VISITA AL PUERTO DE SEVILLA. ESCLUSA, MUELLE Y MUSEO

Nos pareció muy interesante la propuesta que la Autoridad Portuaria de Sevilla nos hizo a distintas entidades, colegios y centros culturales de la ciudad para visitar el bastante desconocido museo del puerto, la nueva esclusa y el muelle del Centenario.

La visita en su conjunto resultó interesante, lo fue la presentación previa en la avenida de Las Razas, donde en una sala se nos proyectaron algunos datos sobre la actividad del puerto y su repercusión en la economía y el empleo local. Interesantes también las visitas a la nueva esclusa y su sala de control y al muelle del Centenario, pero, en mi opinión, fue decepcionante el “museo”. No se puede presentar dos mil años de historia, con cuatro carteles, dos grúas, unas boyas y cuatro cosas más. La historia del Puerto de Sevilla se merece algo mucho más serio que lo que se muestra en la nave de la avenida de Las Razas.

Tiene sentido que la autoridad responsable de un puerto cuyos orígenes se remontan en la historia a más allá de los dos mil años, de un puerto que estuvo íntimamente vinculado a los viajes colombinos y que, posteriormente, tuvo durante más de un siglo el monopolio del comercio con América, de un puerto de donde salió la expedición de Magallanes que logró la gesta de la primera circunnavegación del mundo, de un puerto que es el único fluvial de España, tiene sentido, digo, que la autoridad que ha heredado todo ese patrimonio histórico trate de mostrarlo y explicárselo a los ciudadanos y un museo es una excelente forma de hacerlo. Hay una gran historia que contar y también hay una realidad importante, para la economía de la ciudad de Sevilla y de su entorno, que hay que transmitir para lograr apoyos en su defensa y potenciación.
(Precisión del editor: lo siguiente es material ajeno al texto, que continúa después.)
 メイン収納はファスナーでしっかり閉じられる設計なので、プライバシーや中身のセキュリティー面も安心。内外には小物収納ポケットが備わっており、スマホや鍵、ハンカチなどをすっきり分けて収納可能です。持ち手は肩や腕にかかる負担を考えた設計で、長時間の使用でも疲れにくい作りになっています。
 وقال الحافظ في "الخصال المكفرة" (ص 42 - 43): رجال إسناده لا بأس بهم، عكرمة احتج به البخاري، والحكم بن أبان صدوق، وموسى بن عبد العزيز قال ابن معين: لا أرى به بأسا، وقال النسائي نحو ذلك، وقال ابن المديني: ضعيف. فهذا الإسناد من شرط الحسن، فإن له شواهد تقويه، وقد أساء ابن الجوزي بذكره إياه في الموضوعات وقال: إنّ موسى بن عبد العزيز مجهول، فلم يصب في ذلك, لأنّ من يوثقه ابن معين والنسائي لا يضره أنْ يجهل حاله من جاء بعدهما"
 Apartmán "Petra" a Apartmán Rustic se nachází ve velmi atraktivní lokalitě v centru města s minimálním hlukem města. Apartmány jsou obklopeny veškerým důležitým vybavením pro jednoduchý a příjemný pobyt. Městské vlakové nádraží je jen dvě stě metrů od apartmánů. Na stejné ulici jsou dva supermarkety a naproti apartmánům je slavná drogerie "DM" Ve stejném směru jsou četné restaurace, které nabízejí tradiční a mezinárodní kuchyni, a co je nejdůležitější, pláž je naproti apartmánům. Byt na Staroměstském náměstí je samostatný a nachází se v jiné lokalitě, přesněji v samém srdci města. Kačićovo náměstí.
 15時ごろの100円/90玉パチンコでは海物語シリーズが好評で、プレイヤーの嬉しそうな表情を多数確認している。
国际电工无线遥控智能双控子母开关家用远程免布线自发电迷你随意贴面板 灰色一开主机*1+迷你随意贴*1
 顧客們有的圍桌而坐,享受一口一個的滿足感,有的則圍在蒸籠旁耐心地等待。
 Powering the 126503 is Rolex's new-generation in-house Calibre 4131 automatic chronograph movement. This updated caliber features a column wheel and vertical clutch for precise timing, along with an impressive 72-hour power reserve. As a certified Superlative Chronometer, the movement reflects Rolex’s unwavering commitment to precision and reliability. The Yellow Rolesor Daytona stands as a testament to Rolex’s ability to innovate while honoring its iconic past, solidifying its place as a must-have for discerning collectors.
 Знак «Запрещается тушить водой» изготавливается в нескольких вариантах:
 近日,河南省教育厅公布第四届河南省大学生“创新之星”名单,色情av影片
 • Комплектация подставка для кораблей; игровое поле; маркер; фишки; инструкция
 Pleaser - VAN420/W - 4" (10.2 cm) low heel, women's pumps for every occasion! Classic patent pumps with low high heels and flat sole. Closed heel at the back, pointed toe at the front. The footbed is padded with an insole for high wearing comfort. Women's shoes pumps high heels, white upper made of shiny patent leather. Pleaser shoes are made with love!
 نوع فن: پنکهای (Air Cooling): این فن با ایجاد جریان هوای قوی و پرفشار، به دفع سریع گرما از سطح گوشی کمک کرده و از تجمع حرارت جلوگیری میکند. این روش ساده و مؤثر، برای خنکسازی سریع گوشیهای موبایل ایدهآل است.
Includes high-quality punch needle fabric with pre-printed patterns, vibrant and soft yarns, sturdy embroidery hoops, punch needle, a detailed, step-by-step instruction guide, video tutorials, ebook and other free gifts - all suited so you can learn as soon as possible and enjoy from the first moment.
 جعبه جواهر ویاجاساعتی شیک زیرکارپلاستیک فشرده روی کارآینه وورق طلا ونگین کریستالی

Pero, lamentablemente, esta brillante historia no se merece el triste y pobre museo que le han dedicado.

En definitiva, muy bien la iniciativa de acercar la realidad del puerto a los ciudadanos, muy agradecidos por la interesante visita y por la puesta a nuestra disposición de dos guías que se turnaron en nuestro acompañamiento y explicaciones, pero, desgraciadamente, también hay que decir que es una pena que se empañe la propuesta con un museo poco digno de la historia portuaria de Sevilla. La solución no es prescindir del museo, la solución es mejorarlo, porque la idea es buena, aunque la ejecución no lo sea.